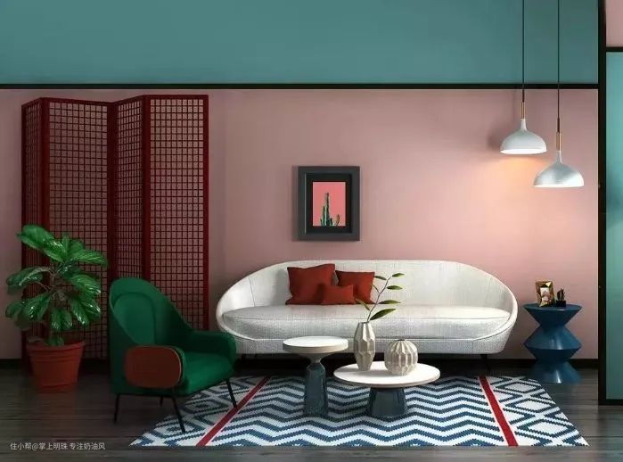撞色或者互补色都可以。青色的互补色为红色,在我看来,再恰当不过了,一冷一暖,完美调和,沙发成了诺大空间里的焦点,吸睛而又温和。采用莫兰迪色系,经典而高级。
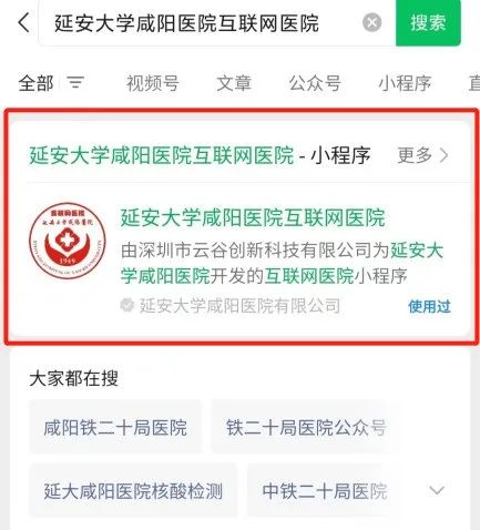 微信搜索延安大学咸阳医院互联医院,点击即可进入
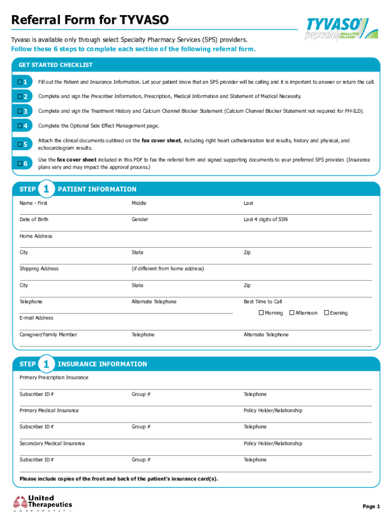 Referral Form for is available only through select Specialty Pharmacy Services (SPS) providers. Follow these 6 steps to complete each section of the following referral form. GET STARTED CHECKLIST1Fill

---

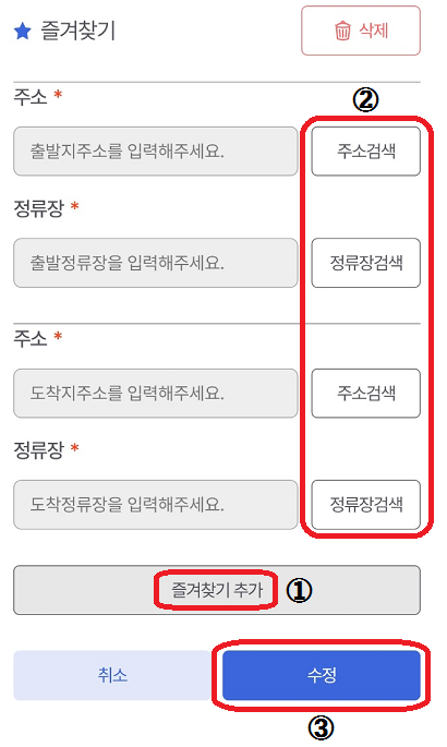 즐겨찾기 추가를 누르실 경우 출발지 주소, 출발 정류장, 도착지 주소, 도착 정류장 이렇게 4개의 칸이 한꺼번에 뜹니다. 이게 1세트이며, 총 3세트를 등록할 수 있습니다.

...

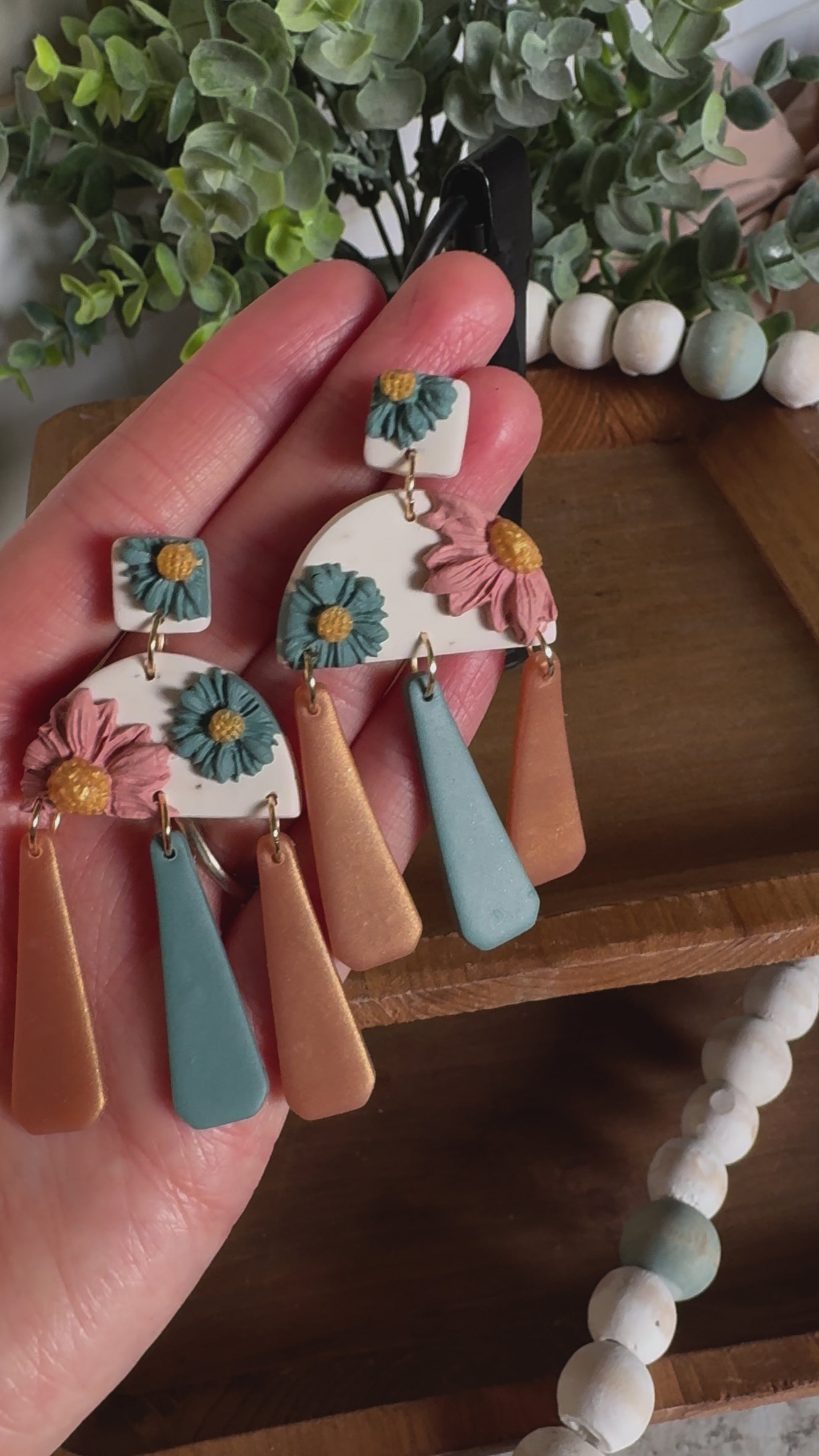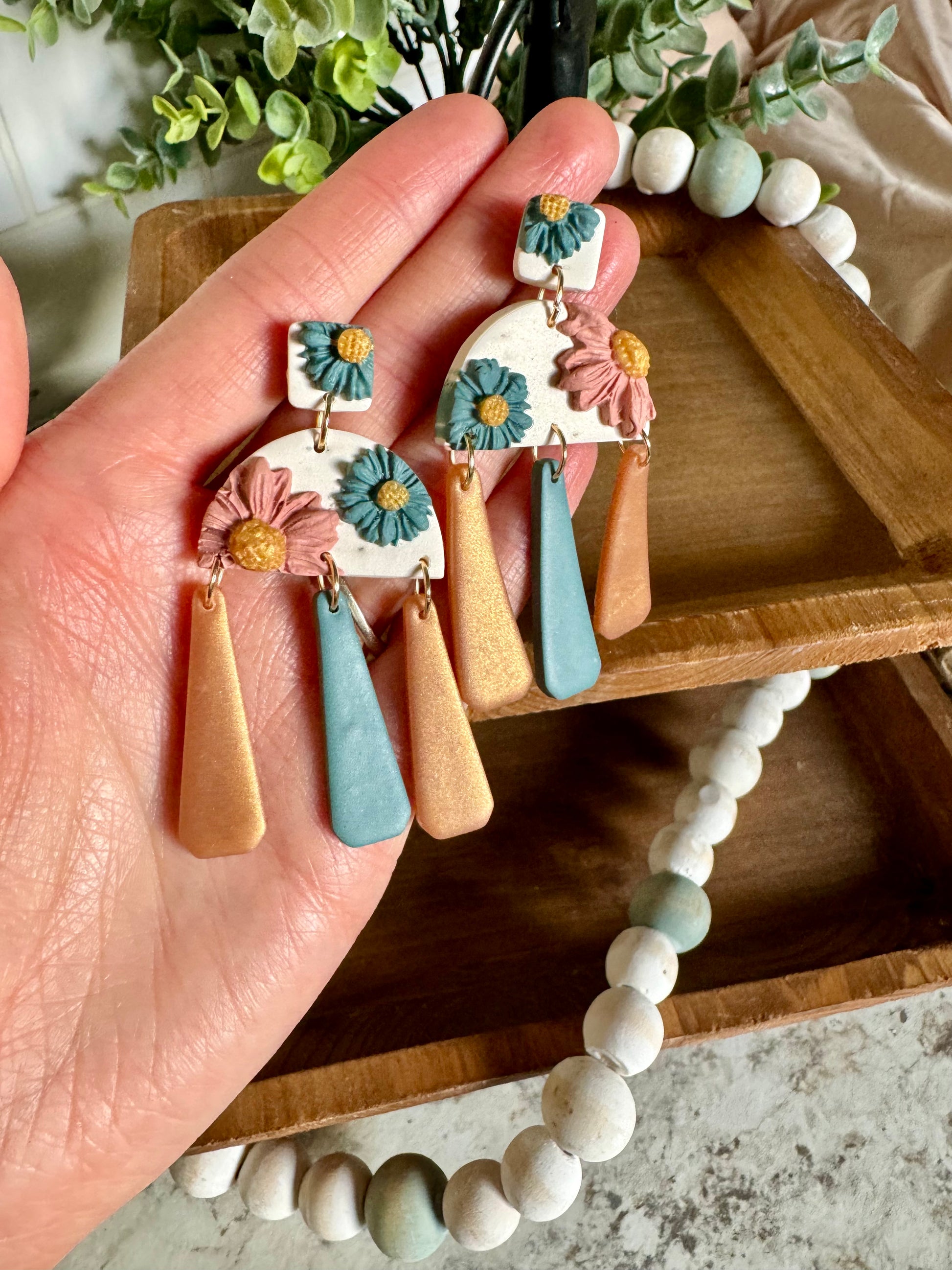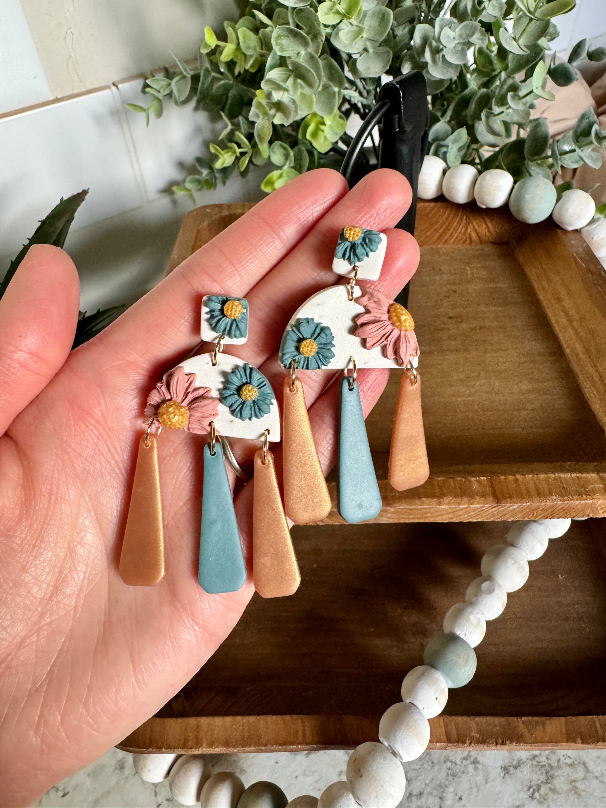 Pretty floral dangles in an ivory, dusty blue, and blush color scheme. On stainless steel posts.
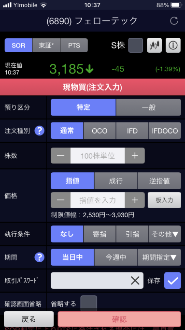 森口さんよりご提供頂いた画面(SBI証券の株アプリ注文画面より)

Assignment: Copy word for word the lines above, starting at the line containing "撞色或者互补色都可以。青色的" and ending at the line containing "Referral Form for", inclusive, with no pictures.

Worked solution:
撞色或者互补色都可以。青色的互补色为红色,在我看来,再恰当不过了,一冷一暖,完美调和,沙发成了诺大空间里的焦点,吸睛而又温和。采用莫兰迪色系,经典而高级。
 微信搜索延安大学咸阳医院互联医院,点击即可进入
 Referral Form for is available only through select Specialty Pharmacy Services (SPS) providers. Follow these 6 steps to complete each section of the following referral form. GET STARTED CHECKLIST1Fill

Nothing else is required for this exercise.